Abstract
ATAC-seq has emerged as a rich epigenome profiling technique, and is commonly used to identify Transcription Factors (TFs) underlying given phenomena. A number of methods can be used to identify differentially-active TFs through the accessibility of their DNA-binding motif, however little is known on the best approaches for doing so. Here we benchmark several such methods using a combination of curated datasets with various forms of short-term perturbations on known TFs, as well as semi-simulations. We include both methods specifically designed for this type of data as well as some that can be repurposed for it. We also investigate variations to these methods, and identify three particularly promising approaches (a chromVAR-limma workflow with critical adjustments, monaLisa and a combination of GC smooth quantile normalization and multivariate modeling). We further investigate the specific use of nucleosome-free fragments, the combination of top methods, and the impact of technical variation. Finally, we illustrate the use of the top methods on a novel dataset to characterize the impact on DNA accessibility of TRAnscription Factor TArgeting Chimeras (TRAFTAC), which can deplete TFs – in our case NFkB – at the protein level.

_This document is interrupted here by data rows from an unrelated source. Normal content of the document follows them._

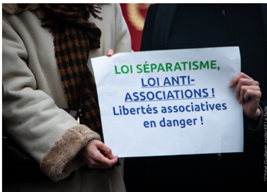
La Coalition : https://www.lacoalition.fr/

La Coalition pour les libertés associatives et son Observatoire éponyme ont vu le jour en 2019 pour dénoncer ce phénomène de restriction de l'espace démocratique et de recul des libertés. Constatant une recrudescence des entraves à leurs activités, des
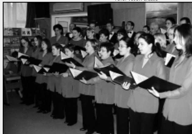
A NEGYVENÉVES LISZT FERENC VEGYESKAR
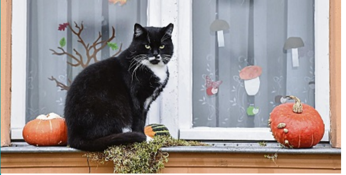
Bei der Halloween-Deko sind Haustierbesitzer lieber zurückhaltend - sonst droht echte Gefahr für ihre Vierbeiner.
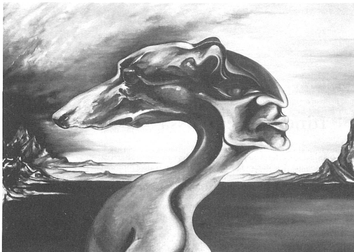
"Quan se'ns va morir el nostre gos, que per a la meva dona i per a mi era molt més que un animal, a l'Empordà vam trobar la necessària serenor" ( "Henry" , oli de Horst Heller).

Author summary Transcription factors regulate gene expression by binding sites in the genome that often harbor a specific DNA motif. The collective accessibility of these motif-matching regions, measured by technologies such as ATAC-seq, can be used to infer the activity of the corresponding transcription factors. Here we use curated datasets of 11 TF-specific perturbations as well as 116 semi-simulated datasets to benchmark various methods for identifying factors that differ in activity between experimental conditions. We investigate important variations in the analysis and make recommendations pertaining to such analysis. Finally, we illustrate the application of the top methods to characterize the effects of a novel method for perturbing transcription factors at the protein level.
Competing Interest Statement
The authors have declared no competing interest.
Footnotes
We followed reviewers' requests, in particular: - developing an additional motif-similarity-based metric; - performing additional analyses (different motif matching stringency, using motif archetypes); - adding a new method; - running virtually all methods on the simulated datasets as well; - clarifying the text and improving the discussion.